● **REQUIRED WORK**
Your response should contain exactly the lines running from the one with "下一步放机油,店里用的重力放" to the end of the data below, both included, and no pictures.

(Stored records)
=== Section Start ===

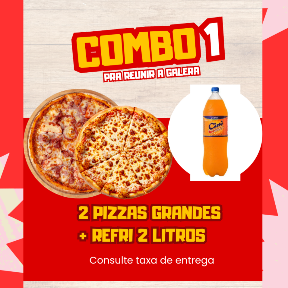 2 Pizzas Grandes 8 Fatias cada + Refrigerante 2 Litros
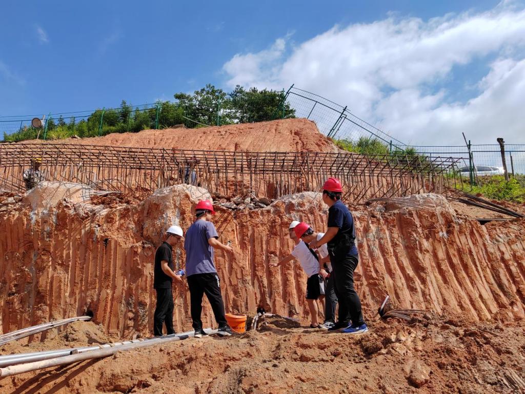 党员教师来到项目部会议室,由项目经理部崔裕平经理向大家介绍项目的总体施工进展,并就工程施工的特点及当前存在的一些技术重难点进行了详细的讲解。随后双方就工程施工图纸进行深入的交流和探讨。会后,在崔经理的带领下,党员教师们冒着烈日来到施工现场,实地了解预制管桩施工及锚杆钻孔灌注桩等施工工艺。在现场,党员教师们与现场施工技术人员相互交流质量、安全管理心得。
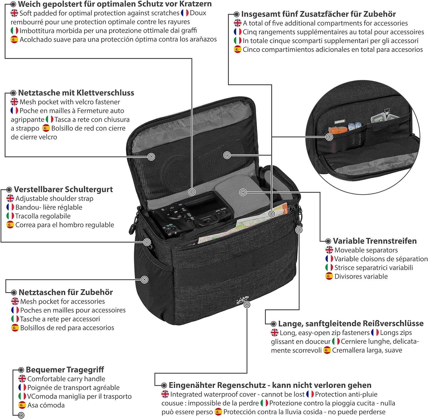 - Ausgestattet mit einem weichen Innenfutter, einer dicken Polsterung und einem wasserabweisenden Regenschutz, sodass Ihr Fotoapparat bestens vor Kratzern, Nässe und Stössen geschützt ist
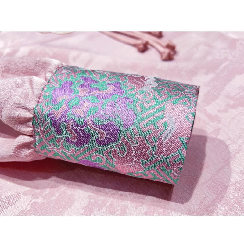 Pink Floral Embroidery Round Neck Shirt Slit Skirt Set
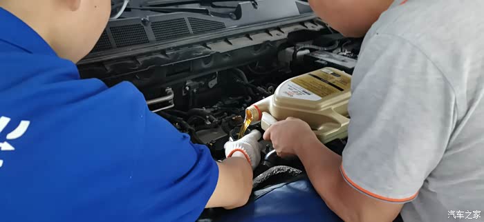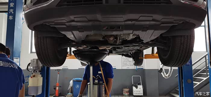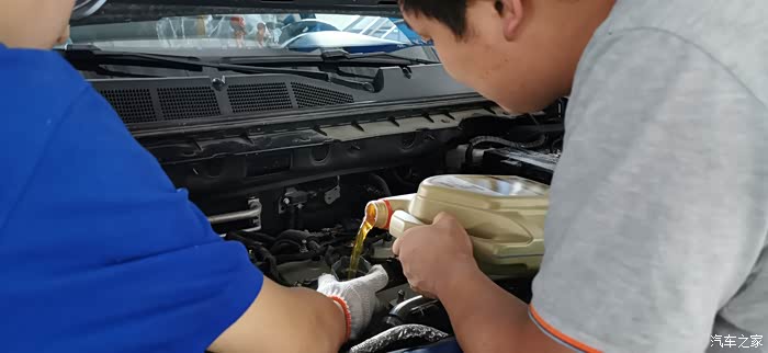 下一步放机油,店里用的重力放油,个人觉得机器换油换的更干净一些,也和他们的车间主任提了一个小小的改进意见
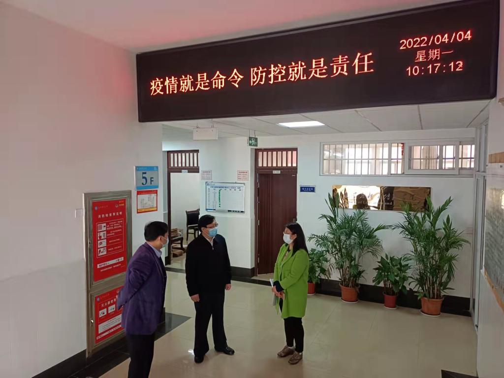 4月4日上午,学校党委副书记刘建民再次来到学院检查指导疫情防控工作,学院党委书记伍接朝、副院长耿蕊陪同检查。
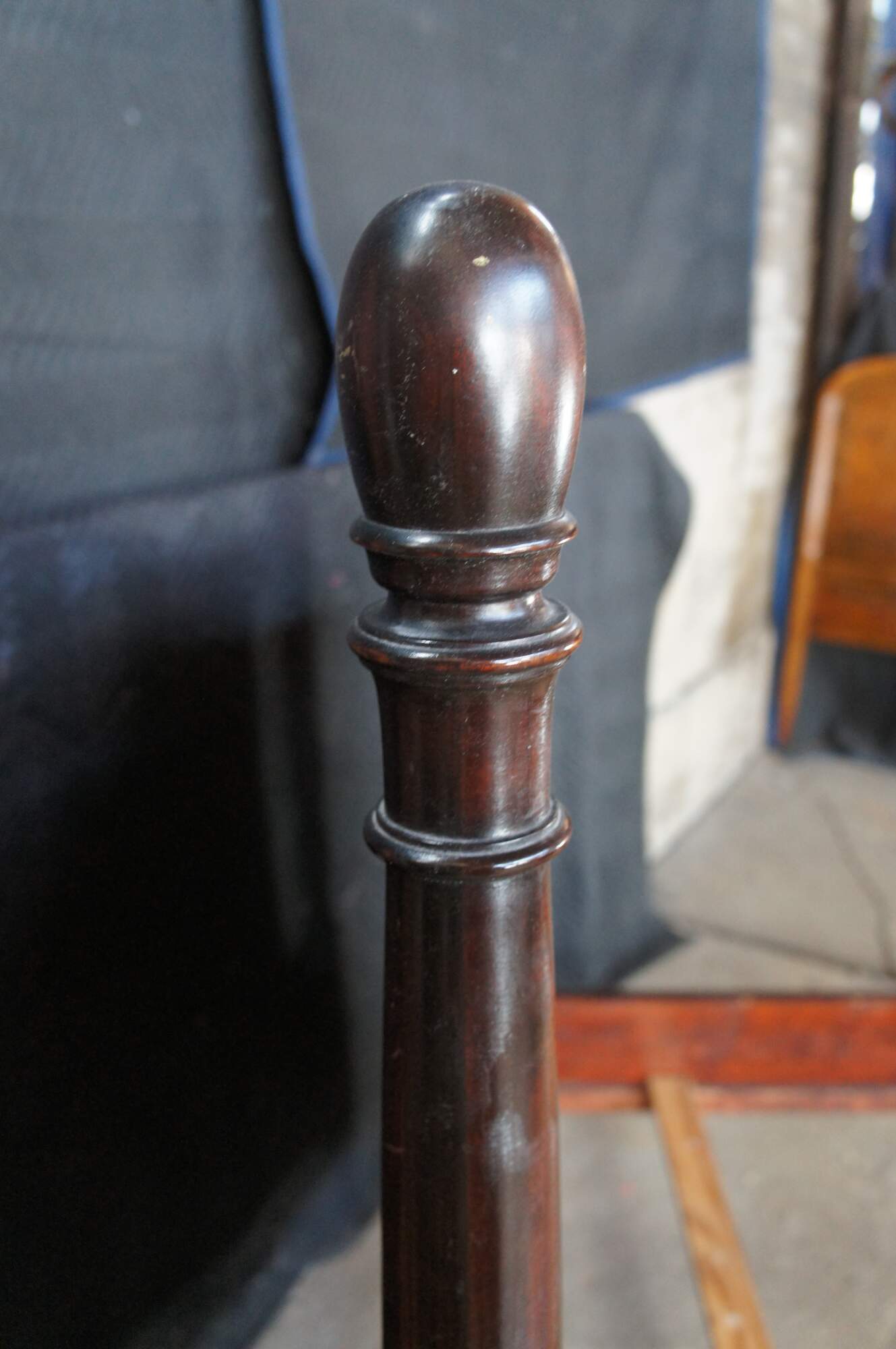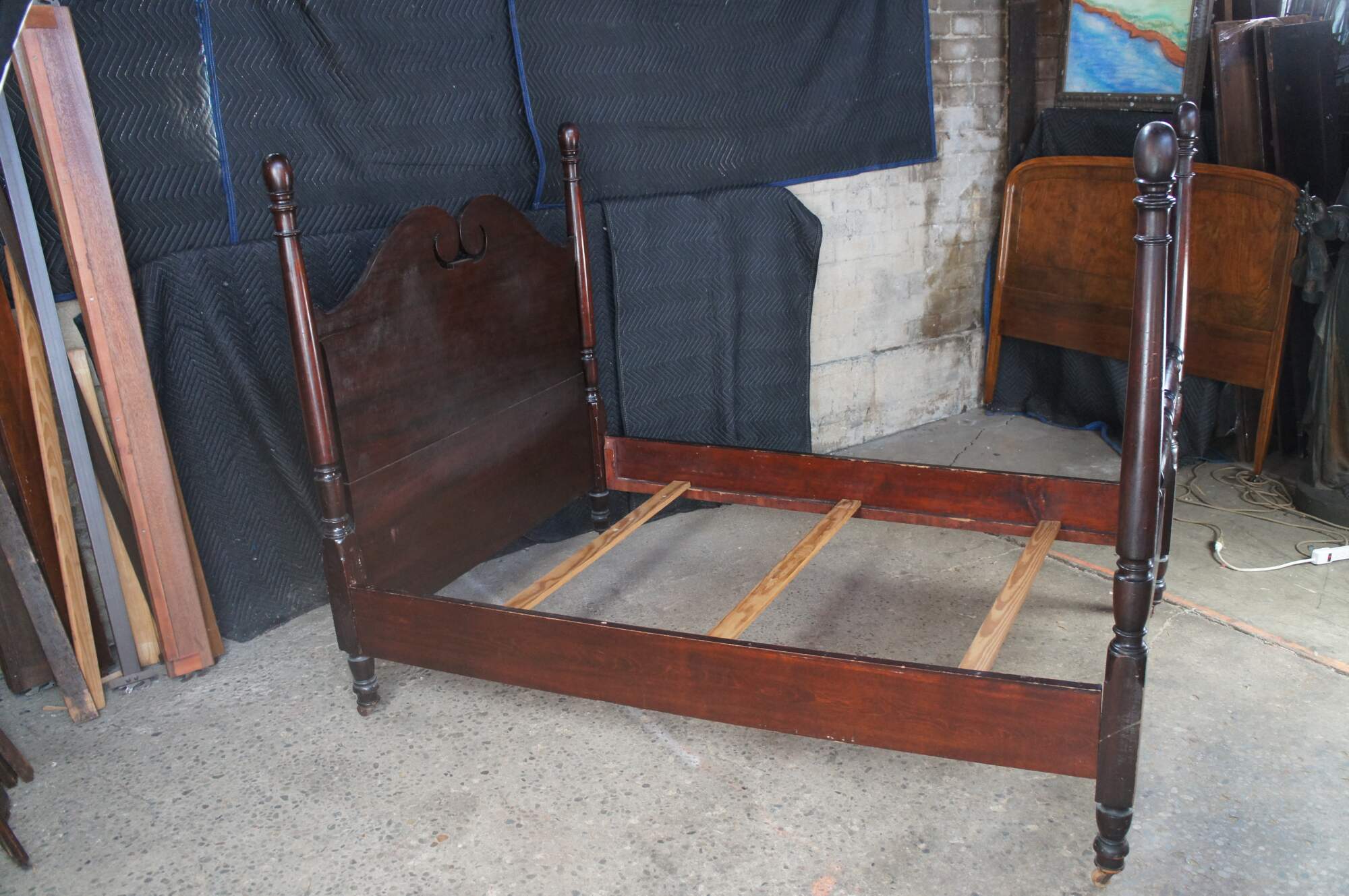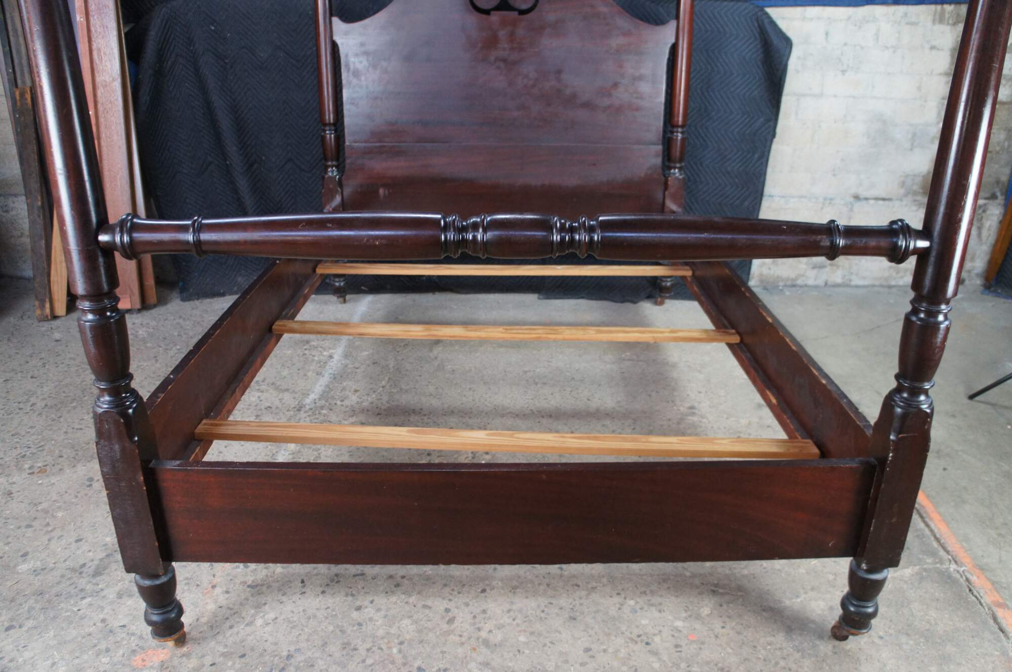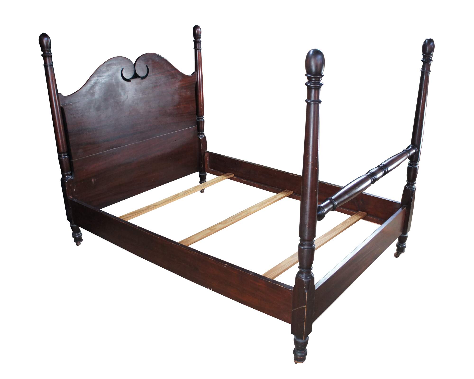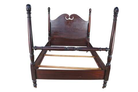 Antique Sheraton style mahogany full-size four-poster bed. Made from mahogany with an open pediment headboard featuring turned and fluted posts with trophy finials.

=== Section End ===

● **YOUR SOLUTION**
 下一步放机油,店里用的重力放油,个人觉得机器换油换的更干净一些,也和他们的车间主任提了一个小小的改进意见
 4月4日上午,学校党委副书记刘建民再次来到学院检查指导疫情防控工作,学院党委书记伍接朝、副院长耿蕊陪同检查。
 Antique Sheraton style mahogany full-size four-poster bed. Made from mahogany with an open pediment headboard featuring turned and fluted posts with trophy finials.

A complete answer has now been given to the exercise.